Incidence of premature ovarian failure

To assess the occurrence of premature ovarian failure, the age-specific incidence rates of natural menopause were determined for a cohort of 1858 women born between 1928 and 1932. These women were identified as Rochester, Minnesota residents in 1950 and were followed for date and type of menopause. A total of nine experienced natural menopause before age 40 years, which represents a 1% risk of natural menopause to age 40. The annual incidence rates of natural menopause per 100,000 person-years were ten for ages 15 to 29 and 76 for ages 30 to 39. In the age group 40 to 44, the incidence of natural menopause increased greatly to 881 per 100,000 person-years at risk.     

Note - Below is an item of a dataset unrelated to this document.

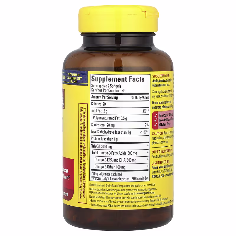 Fish Oil Country of Origin: Peru. Encapsulated and quality tested in the USA.

Bone loss in young women with premature ovarian failure

Objective: To evaluate the effect of premature ovarian failure on bone mineral density. Materials and methods: Forty-five women with karyotypically normal spontaneous premature ovarian failure underwent hip and spinal bone density measurements by dual energy X-ray absorptiometry. Findings were compared with a control group of 61 women of similar age. Results: The median (range) age of the women with premature ovarian failure was 33 (18–39) years. The median (range) time since diagnosis of premature ovarian failure was 2 years (0.5–7). Forty-one of the women (91%) had sought medical advice previously and had taken a variety of estrogen and progestin replacement regimens at least intermittently. Both the femoral neck bone mineral density measurements and the spinal bone mineral density measurements were significantly lower than measurements of the control group (P<0.05). Conclusion: Our study shows that premature ovarian failure has significantly lower levels of bone mineral density than the control group of normal women. We suggest that hormone replacement therapy should be substituted early and consistently in affected patients. Our data also raise questions about whether preservation of bone mass in these patients will require replacement of additional gonadal steroids.     

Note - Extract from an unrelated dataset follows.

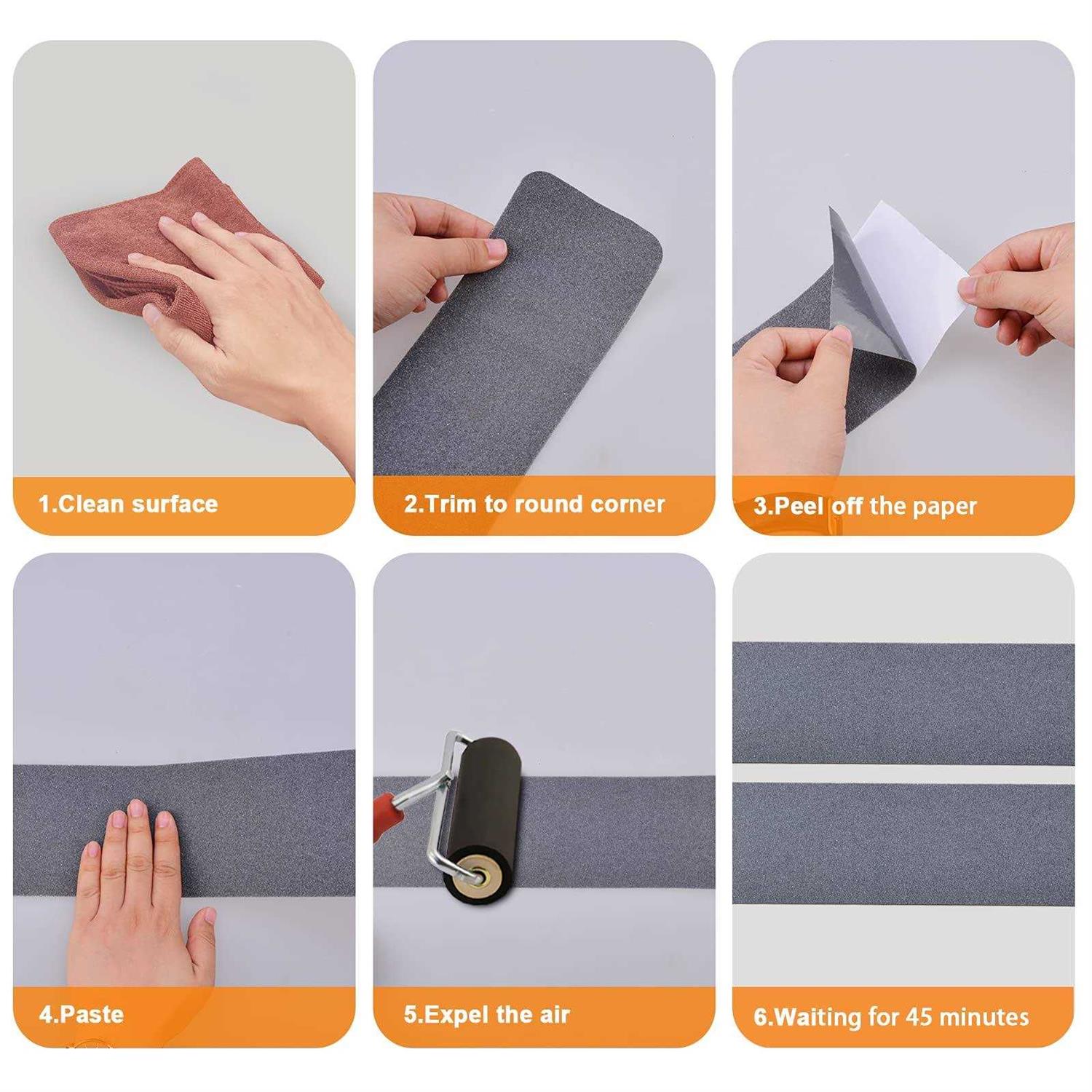 Non slip tape: This measures 4 inch by 60 feet heavy duty outdoor stair treads non-slip, Suitable for most indoor/outdoor stairs. You can arbitrarily cut out the size you want. Our Stair Grip Tapes feature a thick, waterproof and very strong glue that provides long-lasting grip and performance. Safety tape for steps: Our high traction outdoor anti slip tape made of thick PVC base layer with 80-grit aluminum oxide compound. Waterproof and it can effectively increase the friction to prevents slipping and reduces the risk of accidents on slippery wood, marble and tile stairs to keep your family, kids and pets safe. Works on any weather: Our anti slip tape for stairs was specifically designed to withstand heavy foot traffic and any weather conditions, including rains, snow, wind. outdoor stair treads non-slip creates an exceptional long term grip on all smooth surfaces for many years. Easy to install: Clean the surface of the stairs and make it dry. Then peel off theanti skid tape for steps outdoor sticker backing to expose the adhesive side, and then apply it steady starting at one end of the step to the other. Wide applications: Our non skid tape for stairs Perfect for indoor and outdoor use such as wood floors, tiles, terraces, ladders, concrete, metal, plastic, tile, laminate, mats, carpets, shoe grips, skateboard grip, ramps, boats, scooters showers and bathtubs. anti skid tape

Acute oocyte loss in experimental autoimmune oophoritis as a possible model of premature ovarian failure

A high incidence of autoimmune oophoritis can be induced in (C57BL/6Cr x A/J)F1 mice that were thymectomized at 3 days of age. The vaginal opening day was significantly delayed (thymectomized mice [n = 35], 38.1 +/- 5.8 days [mean +/- SD] versus sham thymectomized mice [n = 26], 34.0 +/- 5.2 days; p less than 0.02). Most of the thymectomized mice showed irregular estrous cycles during the first several weeks and then fell into continuous diestrus. Local infiltration of mononuclear and plasma cells inside and around growing follicles was a prominent feature in the early stage of oophoritis. This abnormal feature was first noticed at 24 days of age and progressed in the follicular units. Acute loss of oocytes, especially of growing follicles, with massive mononuclear cell infiltration rapidly progressed after puberty, and atrophic ovaries with complete destruction of both primordial and growing follicles were then seen for 1 to 2 months after puberty. In mice with oophoritis, circulating autoantibodies against, ooplasm, zona pellucida, or steroid-producing cells were constantly detected by immunohistochemical assay. Autoimmune thyroiditis and gastritis accompanied by specific circulating antibodies were also detected in mice thymectomized at 3 days of age. This experimental model may serve as a tool for studying premature ovarian failure in humans.